Максим Горький
Жизнь Клима Самгина (Сорок лет)
Повесть
Рассказывая Спивак о выставке, о ярмарке, Клим Самгин почувствовал, что умиление, испытанное им, осталось только в памяти, но как чувство – исчезло. Он понимал, что говорит неинтересно. Его стесняло желание найти свою линию между неумеренными славословиями одних газет и ворчливым скептицизмом других, а кроме того, он боялся попасть в тон грубоватых и глумливых статеек Инокова.
Даже для Федосовой он с трудом находил те большие слова, которыми надеялся рассказать о ней, а когда произносил эти слова, слышал, что они звучат сухо, тускло. Но все-таки выходило как-то так, что наиболее сильное впечатление на выставке всероссийского труда вызвала у него кривобокая старушка. Ему было неловко вспомнить о надеждах, связанных с молодым человеком, который оставил б памяти его только виноватую улыбку.
– Ничтожный человек, министры толкали и тащили его куда им было нужно, как подростка, – сказал он и несколько удивился силе мстительного, личного чувства, которое вложил в эти слова.

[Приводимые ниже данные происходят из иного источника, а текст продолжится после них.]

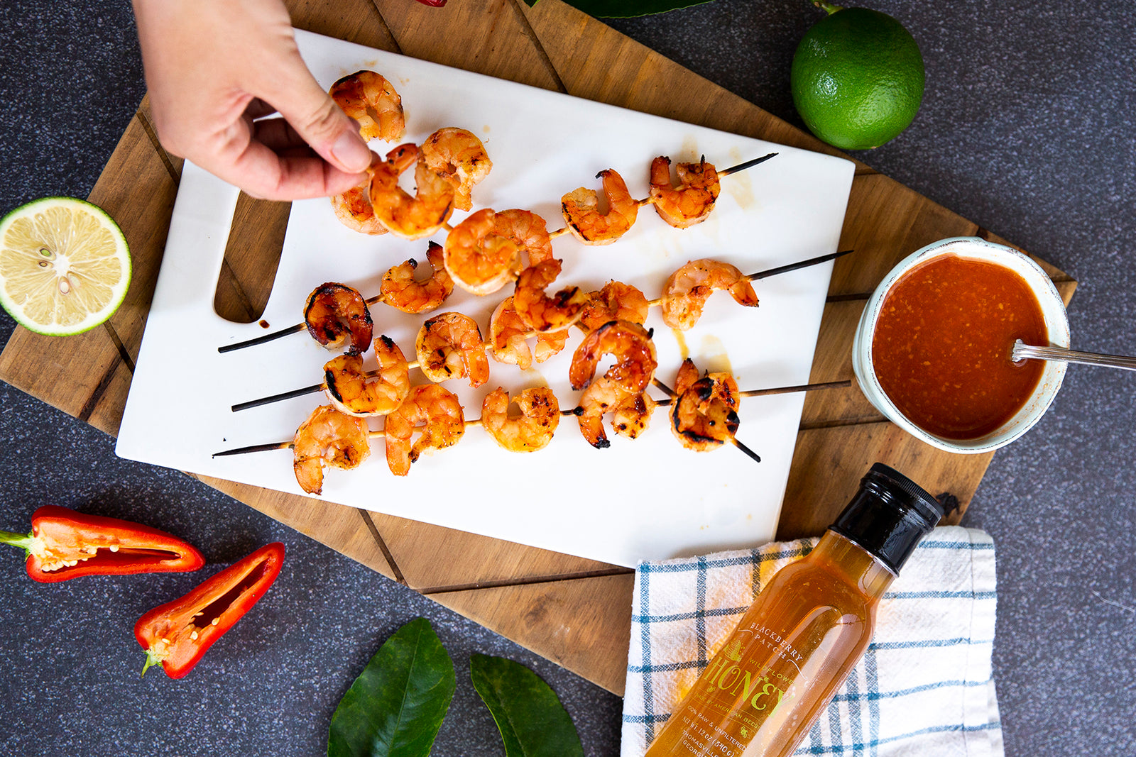 Combine all ingredients in a bowl and marinate shrimp for at least two hours. Grill on skewers for about 3 minutes per side until shrimp is done.

Сидели в саду, в тени вишен, богато украшенных аметистовыми бусами ягод. Был вечер, удушливая жара предвещала грозу; в небе, цвета снятого молока, пенились сизоватые клочья облаков; тени скользили по саду, и было странно видеть, что листва неподвижна. Спивак, облокотясь о круглый стол, врытый в землю, сжимая щеки ладонями, следила за красненькой букашкой, бестолково ползавшей по столу. Муж ее, полуодетый, лежал на ковре, под окном, сухо покашливал и толкал взад-вперед детскую коляску, в коляске шевелился большеголовый ребенок, спокойно, темными глазами изучая небо.
– В таком же тоне, но еще более резко писал мне Иноков о царе, – сказала Спивак и усмехнулась: – Иноков пишет письма так, как будто в России только двое грамотных: он и я, а жандармы – не умеют читать.

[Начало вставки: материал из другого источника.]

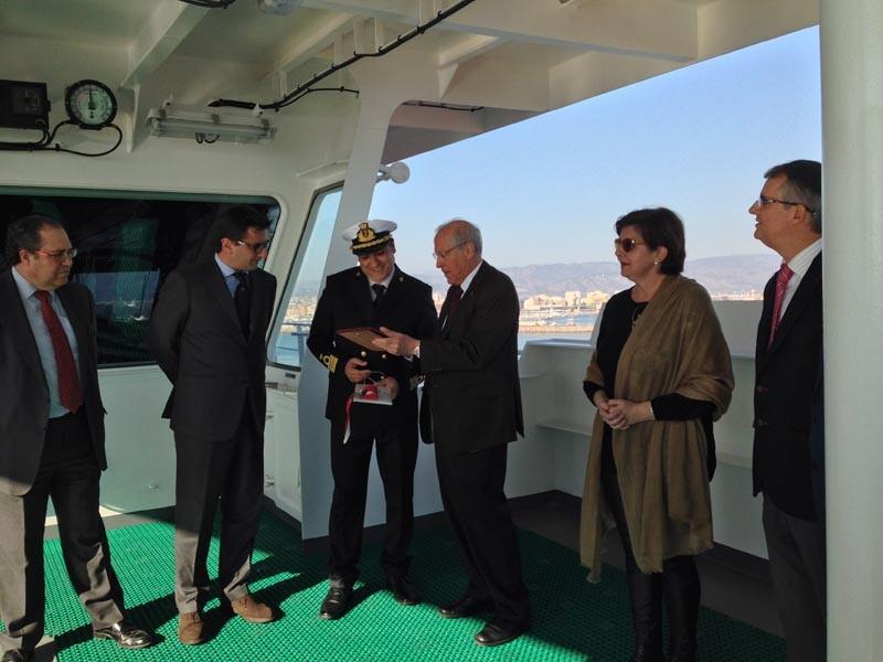 Durante la presentación, realizada esta mañana, el presidente de la Autoridad Portuaria de Castellón, Juan José Monzonís, acompañado por miembros de la empresa Línea Messina, y Gimeno Marítimo, han visitado la bodega y el puente de mando. El presidente de la Autoridad Portuaria, ha entregado una metopa al capitán del barco Francesco Scotto.

Красненькая букашка подползла близко к Самгину, он сердитым щелчком сбросил ее со стола.
– И – что же? – спросила Спивак, подняв голову. – Говорили что-нибудь о Ходынке?

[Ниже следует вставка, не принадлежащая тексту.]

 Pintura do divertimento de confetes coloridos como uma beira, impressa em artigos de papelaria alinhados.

– О Ходынке? Нет. Я – не слышал ничего, – ответил Клим и, вспомнив, что он, думая о царе, ни единого раза не подумал о московской катастрофе, сказал с иронической усмешкой:
– Незлобивый народ забыл об этом. Даже Иноков, который любит говорить о неприятном, – забыл.
Пристально взглянув на Клима, Спивак хотела сказать что-то, но зачмокал ребенок, муж дернул ее за подол платья:
– Просит есть!
Она взяла сына, отвернулась и, давая ему грудь, проговорила почему-то в нос:
– Вот какой у меня серьезный сын! Не капризничает, углублен в себя, молча осваивает мир. Хороший!
А отец Спивак сообщил, рассматривая на свет пальцы руки своей:
– Он думает, что музыка спрятана в пальцах у меня, под ногтями.
Клим почувствовал прилив невыносимой скуки. Все скучно: женщина, на белое платье которой поминутно ложатся пятнышки теней от листьев и ягод; чахоточный, зеленолицый музыкант в черных очках, неподвижная зелень сада, мутное небо, ленивенький шумок города.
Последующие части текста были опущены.